---------- Data listing

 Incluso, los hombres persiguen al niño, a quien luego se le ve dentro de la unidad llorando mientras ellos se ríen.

--------------------
---------- Data listing

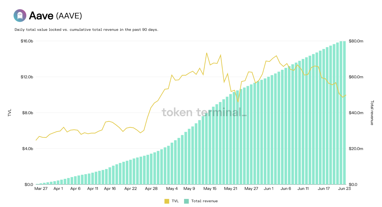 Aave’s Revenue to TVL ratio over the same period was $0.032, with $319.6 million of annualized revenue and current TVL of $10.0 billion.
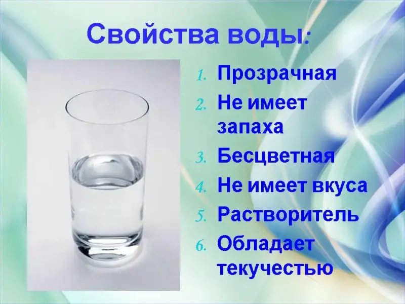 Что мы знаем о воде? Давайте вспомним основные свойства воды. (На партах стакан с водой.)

--------------------

**Goal of the exercise:** Above, find the line with "Aave’s Revenue to"; copy it and every line down to the line with "Что мы знаем", exactly and both included, but no pictures.

**Answer below:**
 Aave’s Revenue to TVL ratio over the same period was $0.032, with $319.6 million of annualized revenue and current TVL of $10.0 billion.
 Что мы знаем о воде? Давайте вспомним основные свойства воды. (На партах стакан с водой.)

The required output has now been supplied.